GT: I’m just pointing it out. I don’t know if we want to point it out in the spec, or somehow disallow storage textures when multisampling is on? Or just add a note saying “don’t use this”
KN: If we were able to for the sample index to be used (compiler wouldn’t omit it) then we would get consistency for M1
GW: Yes
KN: I’m surprised that M1 … It seems like you’re writing to a storage buffer, so we better do it once-per-sample… I’m surprised they would choose to do 4x as much work as they need. It could be a bug?
KG: In some ways, that’s what I expect. If you think about it the way it’s written, the as-if behavior is that it always runs 4 times. When it always run once, that’s an optimization “i can coalesce”. In this case, Apple is the only one doing it correctly and saying “i cannot coalesce these”
KG: None of the other APIs attempt to hide that.
GT: If you’re using a sample buffer or sample texture, then the backends can inject the use of sample index
KG: as a work around
CW: We could say “if you have side effects, you get sample-rate shading”
KG: Well you’d say “you get sample rate shading anyway, and it’s not observable if you don’t get it”
CW: Sample rate shading is not the behavior as-if, because a single computed sample
MM: Sample rate shading spawns more threads. Not about writing to more spots in the resource
KG: I’m worried we’re confusing a colloquial use of “sample rate shading” with the term-of-art
CW: We could say in the spec “if you have side-effects, there is 1 invocation running per sample covered”, and it’s consistent across all backends and implementations.
KG: Yes. That matches what I’m hoping for
CW: We’ll ask MikeW too. How about you, GT?
GT: Yep
KN: How difficult is it to force a use of sampleindex? It often gets optimized out. How did you force it to be used, GT?
GT: I assigned it to _. Also I assigned it to the output of the fragment shader
KG: If we do it today and land the tests, and things continue to be like WebGL, and use our CTS as their criteria for release, then we’re fine. This is the class of workaround you usually want to have
KN: We could go the other direction, and push implementations to do the other thing consistently. We wouldn’t force sampleIndex if you have side effects, and instead we would force only a single thread to be run if there are side-effects. However, if your shader uses sample index, we’ll still have to force usage of it, because some drivers will optimize it out and affect semantics, which is a no-go.
CW: There always constants which are injected by the implementation which we know to be / or not be 0 but the compiler doesn’t
KG: It sounds like there’s a strong desire to force multiple threads to run on all backends.

Jul 09 '24 18:07 Kangz

I am checking with Metal, I created a minimal repro for them based on the above website example.

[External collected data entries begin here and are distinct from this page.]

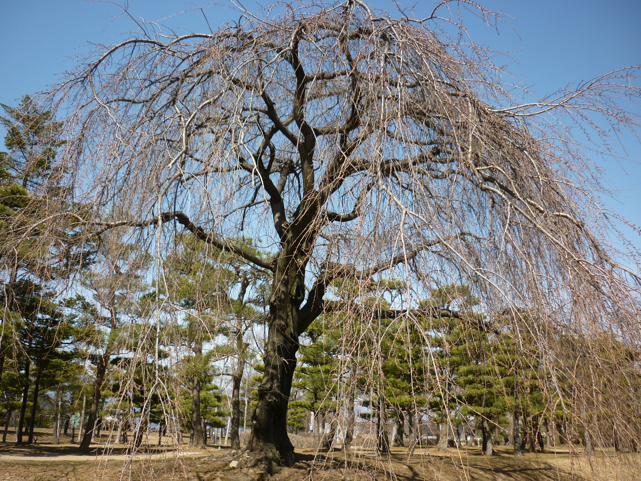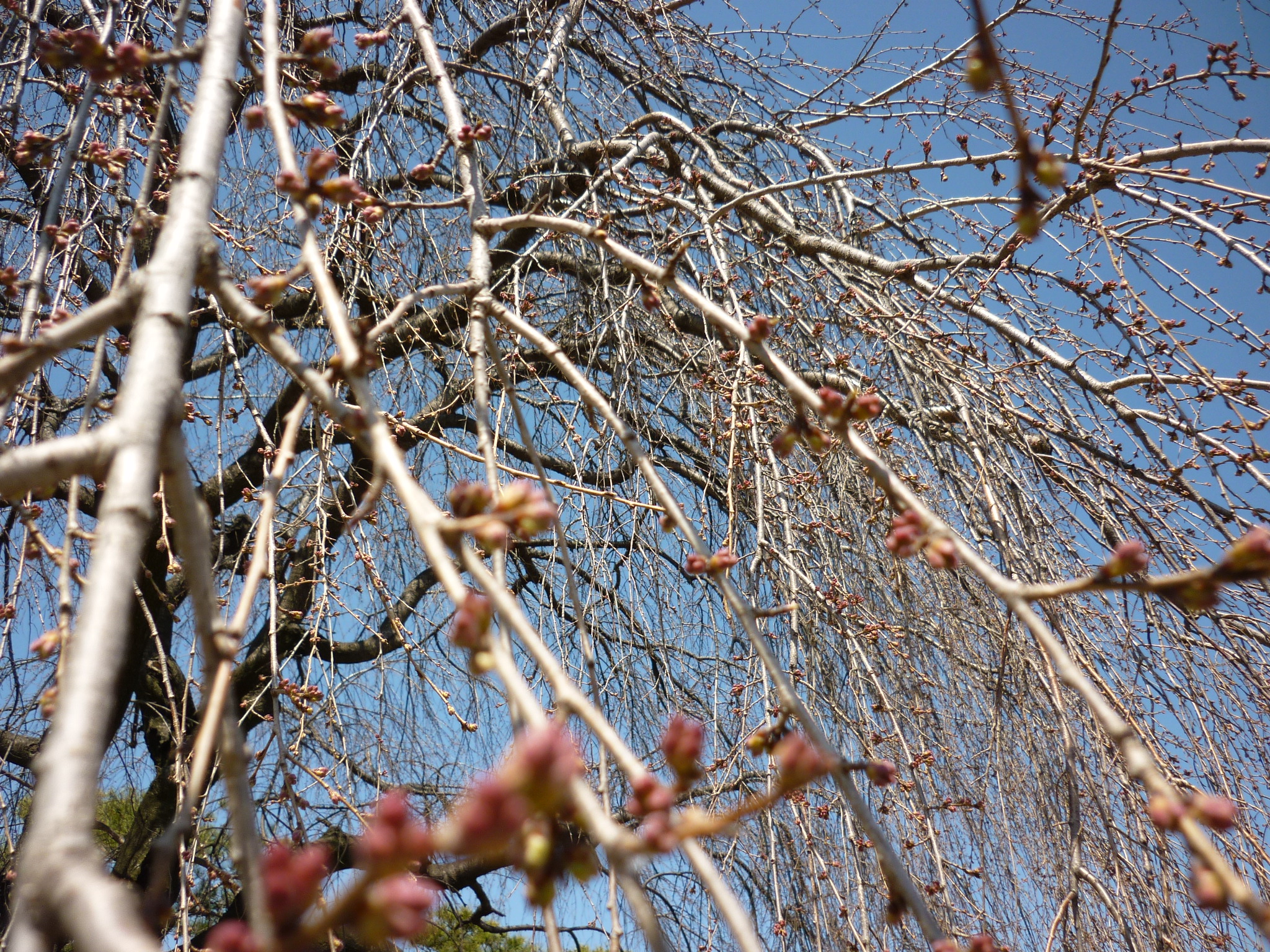 陸上競技場園内にあるしだれ桜のつぼみもほんのりと色がつきはじめました。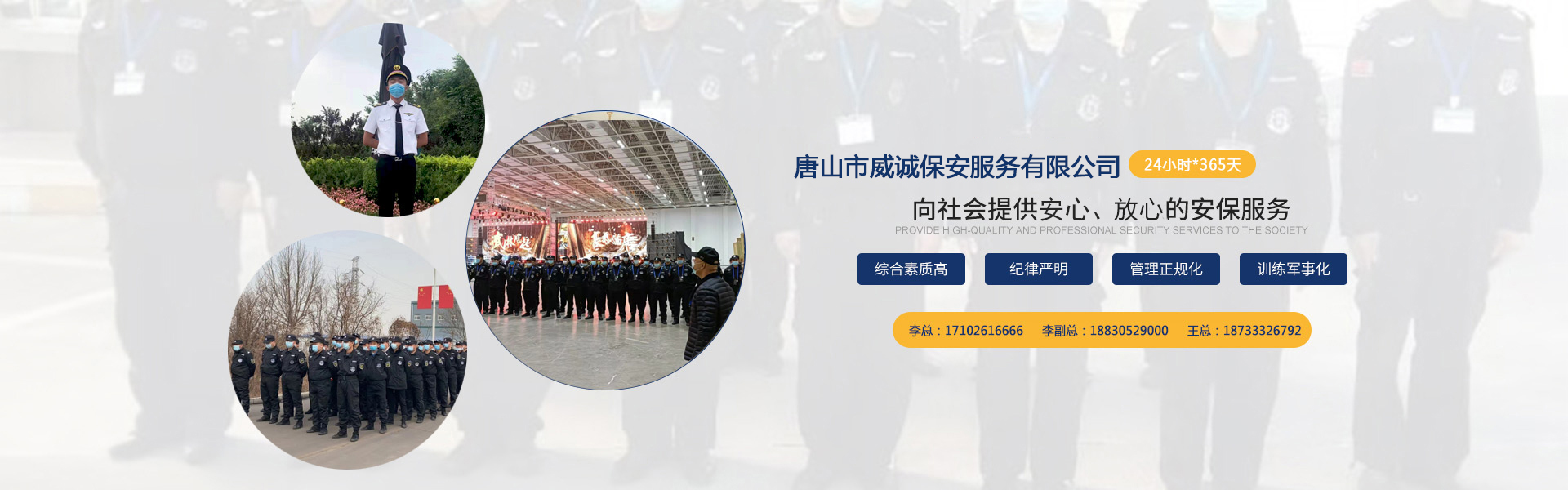 唐山市威誠保安服務有限公司自成立以來以“嚴防死守、忠于業(yè)主”為服務原則,以“客戶滿意、 合作共贏”為根本目標。以科學的管理、多方位多層次的服務,建立了首問責任制,完善了走訪、回訪 、滿意度調(diào)查、末位淘汰的預警管理,不斷提高服務質(zhì)量,提高業(yè)主滿意度,提高企業(yè)形象。秉承“誠 實守信,紀律嚴明,團結協(xié)作,致精致誠”的服務理念,為客戶提供高品質(zhì)、多方位、專業(yè)化的保安服務。 本公司制定了嚴謹?shù)亩ㄏ蛘猩?、崗前培訓、考核錄用、崗中培訓、持續(xù)培訓、末位淘汰制等一整套完善的管理體系。可以根據(jù)客戶的要求實地勘察評估,以量身定做的方式提供安保防范服務。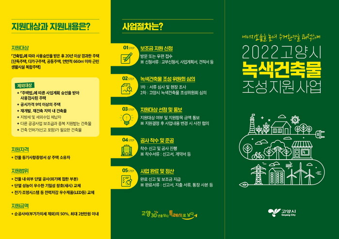 신청 방법은 고양시 홈페이지 공고 및 새소식에 첨부된 관련서류를 내려 받아 작성 후 고양시청 녹색도시담당관 녹색건축팀(경기도 고양시 덕양구 마상로 126번길 91, 줌시티 403호)으로 방문 또는 등기 우편으로 제출하면 된다.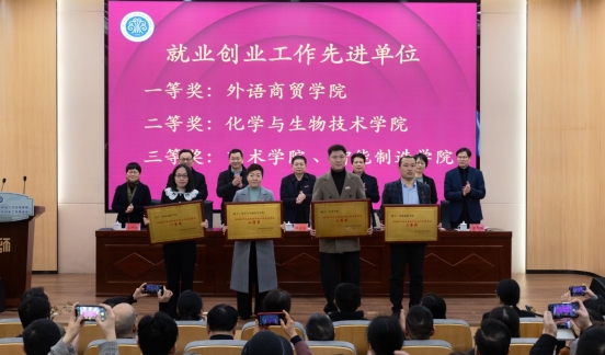 会上,谢敏峰宣读了2024届毕业生就业创业工作考评结果。校领导为就业创业工作先进集体和个人进行颁奖。外语商贸学院、化学与生物技术学院、艺术学院和智能制造学院作为就业创业工作先进单位代表作经验交流。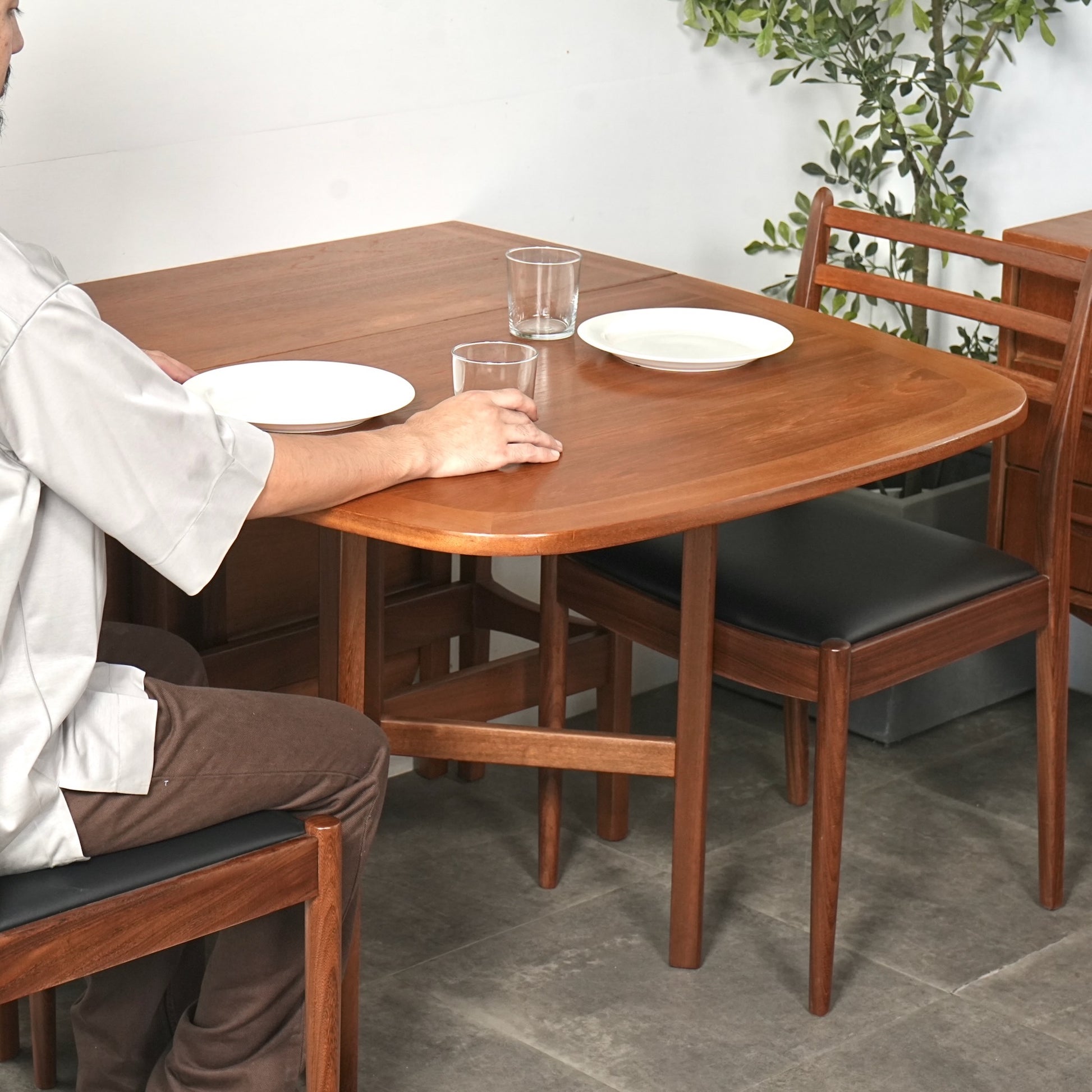1〜2人暮らしの方にぴったりのアイテムで、普段は片側だけ開いて壁付けでお使い頂き、来客時は拡張して4人でお使い頂けます。

Jul 10 '24 20:07 mwyrzykowski

For NVidia, We talked about having the backend use sample_index to try to force similar behavior. I wonder if it would be possible to do the opposite. If the WGSL compiler can see that sample_index is not actually used then remove it from the output shader

Jul 10 '24 21:07 greggman

@greggman if we want this to be portable on macOS 15.0 and earlier then we would need to force sample-index for MSAA targets to get consistent behavior.

It does seem to be a driver issue on Apple devices and unexpected behavior. I am still discussing with Metal to see if we can workaround but any workaround is not obvious to me currently.

Jul 27 '24 02:07 mwyrzykowski

If it's a driver bug (that will get fixed eventually) then we don't need to bake the wart into WebGPU even if there's no workaround. Especially on Apple platforms we can expect buggy systems to age out over time.

Aug 27 '24 04:08 kainino0x